Quase 40 anos depois, o trio de empresários Luiz Seabra,
fundador da Natura e “o filósofo da turma”, Guilherme Leal, “o ativista”, e
Passos, “o gestor”, colocaram a companhia brasileira de beleza na rota
internacional, com as marcas Natura, Aesop, The Body Shop e Avon.
Para este “À Mesa com o Valor”, o empresário preferiu
almoçar em seu escritório, na rua Amauri, Itaim Bibi, sede de sua family
office, a Anima Investimentos. Embora goste do Parigi, restaurante que fica ao
lado de seu escritório e é a vitrine da elite paulista e da Faria Lima, Passos preferiu
conceder a entrevista em um lugar mais reservado.
No nono andar do edifício Metropolitan Office, a luz natural
vem de janelas grandes de uma nublada São Paulo já caótica às 12h30, horário
marcado para o almoço, com trânsito e chuva. O piso de madeira de demolição e
peroba rosa dá um contraste discreto com a parede cor fria, com a iluminação
indireta das paredes do hall de entrada. Passos entra na sala de reunião
reservada para o almoço, mezzo preparado pelo copeiro Gerson, com entradas e
salada, mezzo encomendado no Parigi, linguado ao molho de laranja com risoto de
cogumelos cèpes.
A política logo toma conta do ambiente. “A gente tem muito a
lamentar, mas acredito que agentes da sociedade que antes ficavam afastados das
discussões de país estão se movimentando e colocando na pauta assuntos
econômicos, políticos e de meio ambiente. Tem muita efervescência bacana.”

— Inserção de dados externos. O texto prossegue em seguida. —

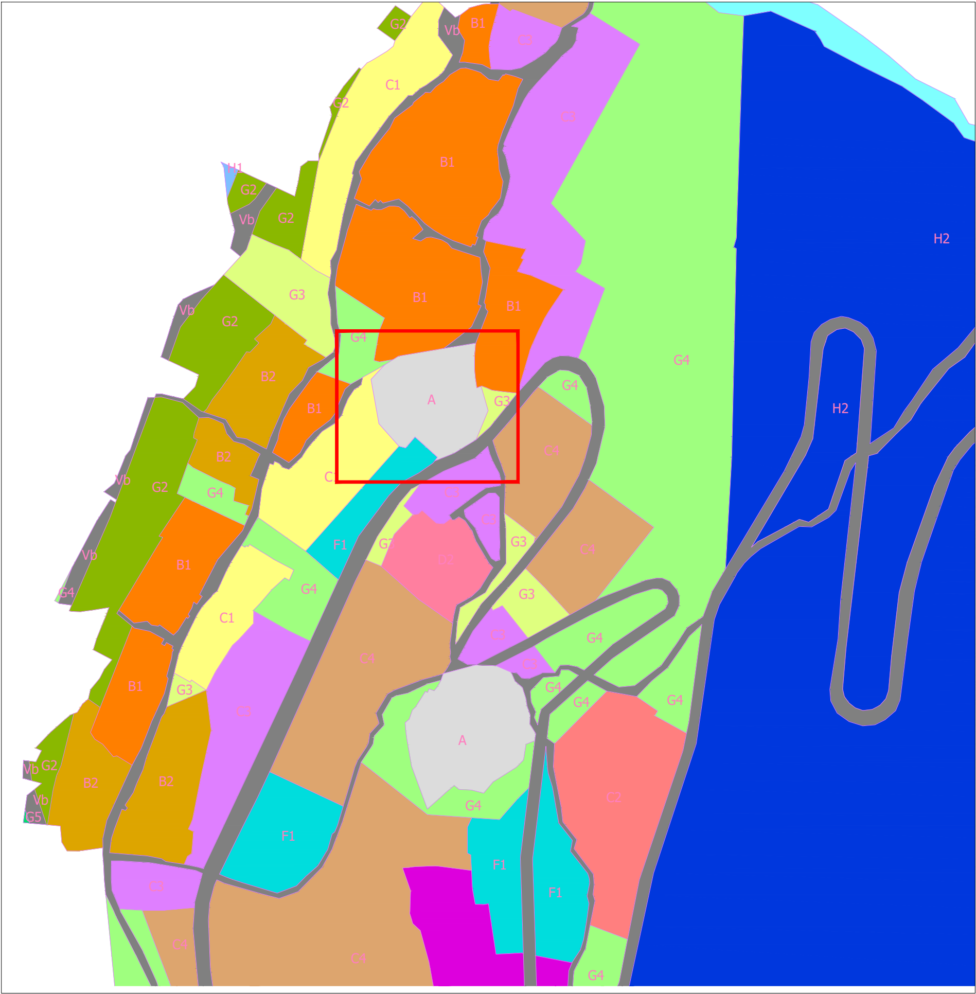
PIANO REGIONALE PAESISTICO | Scala 1:10000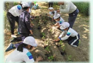
はな みどり う 緑を植える緑化活動

※景観資源とは、まちの魅力を高め、地域の特徴となるような重要な自然、歴史・文化、暮らし・営み、伝統、町並み、建築物・工作物、道路・公園・河川などをさします。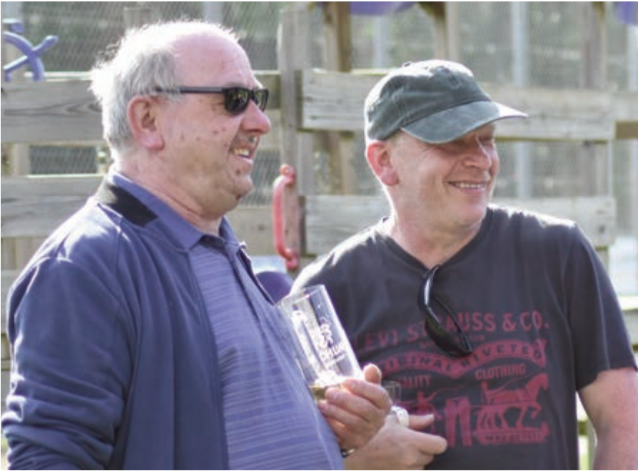
Fans * Fans * Fans * Fans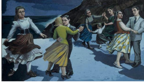
Resim 1. Paula Rego, Dans, 1988

Asıl adı Dame Maria Paula Figueiroa REGO olan sanatçı, Portekiz asıllı öncü bir ressamdır. Özellikle hikâye kitapları resimlerini andıran çalışmalarıyla tanınmaktadır. Bu durumun temelinde "olay" olgusu yatmaktadır. Çalışmalarında öncelikli olarak olay örgüsünü barındıran sanatçı, soyuttan temsile doğru giden stilini boya kullanımında da göstermiştir. Soyuttan temsile geçiş sürecinde hayatının büyük bölümünde kullandığı pastel boyalar yerine yağlı boya tercih etmiştir. Rego'nun çalışmaları Velazques'i anımsatırken, aynı zamanda da gerçek ve doğru kavramlarına paralel olarak yaratılmıştır.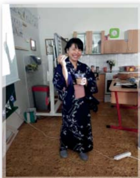
Projektový den EVROPA A SVĚT NÁS ZAJÍMÁ – téma JAPONSKÁ KULTURA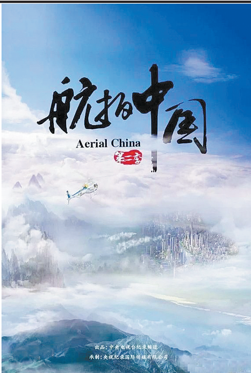
出品:中央电视台纪录频道 承制:央视纪录国际传媒有限公司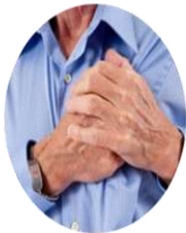
люди, которые в анамнезе имеют легочные или сердечнососудистые заболевания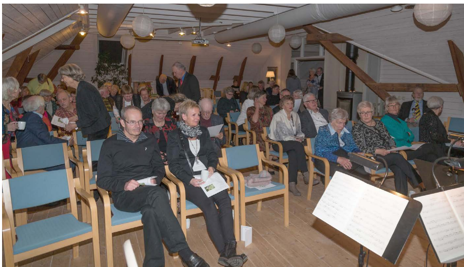
Den talrika publiken blev inte besviken.

Passos foi um dos primeiros empresários a se posicionar a
favor da terceira via e com Horácio Lafer Piva, acionista da Klabin, e Pedro
Wongtschowski, da holding Ultrapar, participa de grupos de reuniões com seus
pares para discutir o país. Ele não arrisca dar um palpite sobre quem será o
representante de centro-direita ou centro-esquerda com peso para concorrer com
o presidente Jair Bolsonaro e o ex-presidente petista Luiz Inácio Lula da Silva
às eleições de outubro de 2022.
Com a definição das prévias do PSDB no fim de semana
passado, que escolheu o governador de São Paulo, João Doria, candidato à
Presidência pelo partido em 2022, o empresário diz acreditar que a definição de
um nome viável de terceira via para as urnas começará a se desenhar nos
próximos meses.
Agentes da sociedade que antes se afastavam das
discussões de país estão colocando na pauta assuntos econômicos, políticos e
ambientais
“Gostaria que tivesse uma formulação de terceira via com
cara e coração. Hoje está um discurso mais etéreo.” Nos últimos meses, Passos,
com Piva, Wongtschowski e outros empresários que se uniram em grupos de
WhatsApp, têm conversado com políticos e potenciais candidatos à Presidência
para entender os cenários daqui para frente. “Eu tenho falado com todo mundo
que eu posso.”
Eles já se aconselharam com o líder do PSD, Gilberto Kassab,
e conversaram com os tucanos João Doria e o governador do Rio Grande do Sul,
Eduardo Leite (PSDB-RS), Rodrigo Pacheco (PSD), presidente do Senado, a
senadora Simone Tebet (MDB), além do ex-ministro da Saúde Luiz Henrique
Mandetta (DEM, que fará a fusão com o PSL para criar o União Brasil).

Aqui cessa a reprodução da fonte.